R/corvisualize.R

Defines functions corvisualize

Documented in corvisualize

#' Visualize the correlation coefficient geometrically.
#
#' @description Visualize the correlation coefficient geometrically, i.e., use the angle between the linear vector that represents the predictor and the linear vector that represents the outcome, show where the dropping of the perpendicular lands on the linear vector that represents the predictor in the two-dimensional linear space, finally read b regression weight from the simple linear regression between predictor and outcome; or read the beta regression weight, in case the predictor and outcome have been scaled (mean = zero, standard deviation = one).
#
#' @param data A data.frame with two columns, which shall be correlated by Pearson's product-moment method.
#
#' @param visualize A single boolean value (default: TRUE), which determines whether the data shall be visualized.
#
#' @param x A single character, i.e., the column name of the data.frame which shall be the predictor (independent variable) in the simple linear regression.
#
#' @param y A single character, i.e., the column name of the data.frame which shall be the outcome (dependent variable) in the simple linear regression.
#
#' @details Any textbook on linear algebra and/or analytic geometry usually contains at least one numeric example and a geometric visualization of a correlation between two continuous variables.
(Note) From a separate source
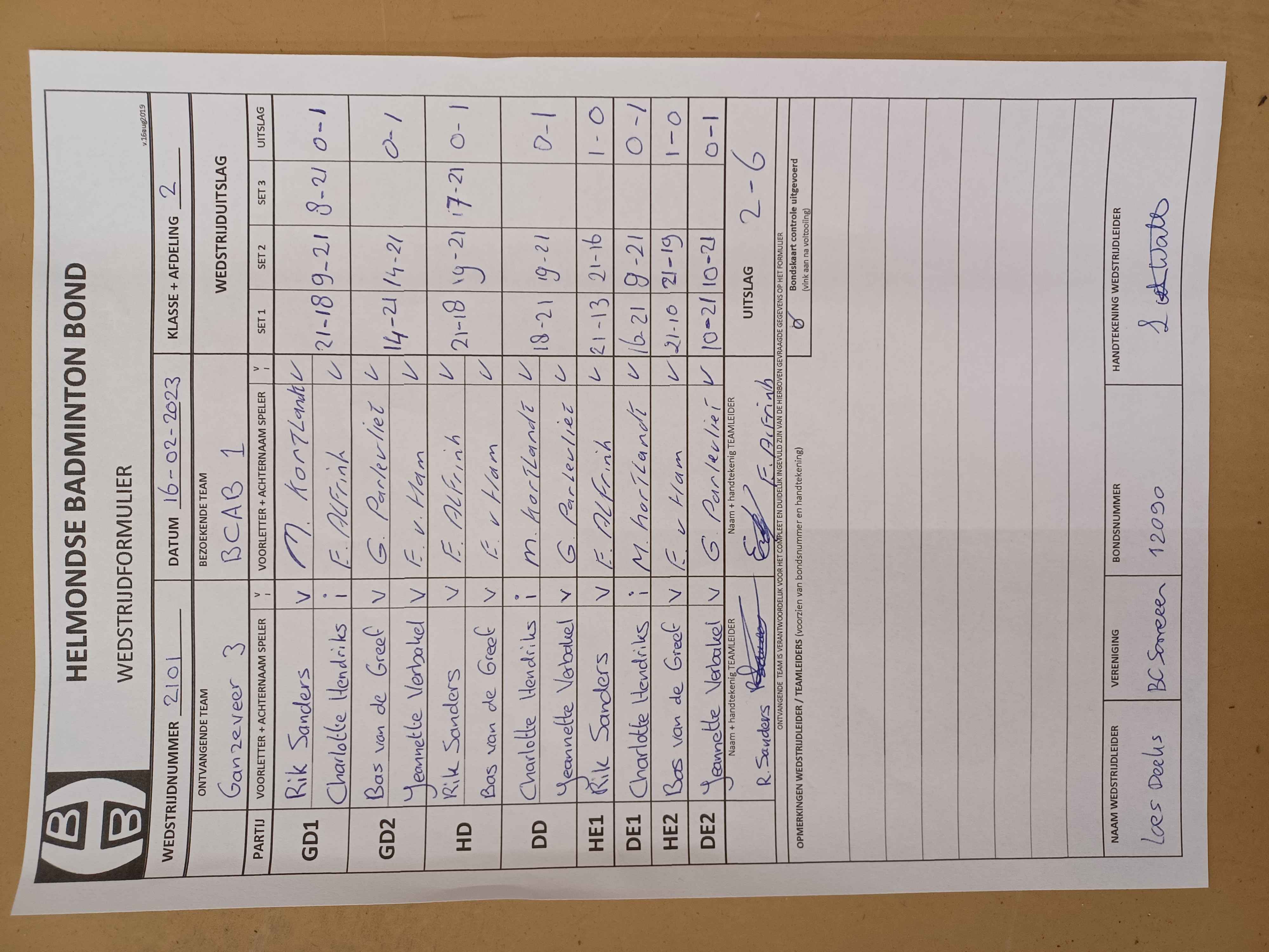 | 2099 | wo. 01-02-2023 | BCAB 1 | - | Mixed 6 | 14 | 4 - 4 | |||

I want to express my gratitude to Dr. Johannes Andres (who taught statistics as well as multivariate statistics to psychology students, of which I was one).
#
#' @return a list with results (name: res), and one graph as elements (name: anglePlot).
#' res is a list with 13 objects:
#' \enumerate{
#' \item covMat Covariance matrix of predictor and outcome.
#' \item covPredMat Covariance matrix of predictor and the predicted outcome, based on the simple linear regression estimates.
#' \item corMat Correlation matrix of predictor and outcome.
#' \item spreadMat Square root of the variance of the predictor and the variance of the outcome. If the angle is greater than 90 degrees, the spread of the predictor is multiplied by minus one.
#' \item angle The angle between predictor and outcome: In R, compute: acos(cor(predictor,outcome))*180/pi.
#' \item rsquared Explained variance of the outcome variable.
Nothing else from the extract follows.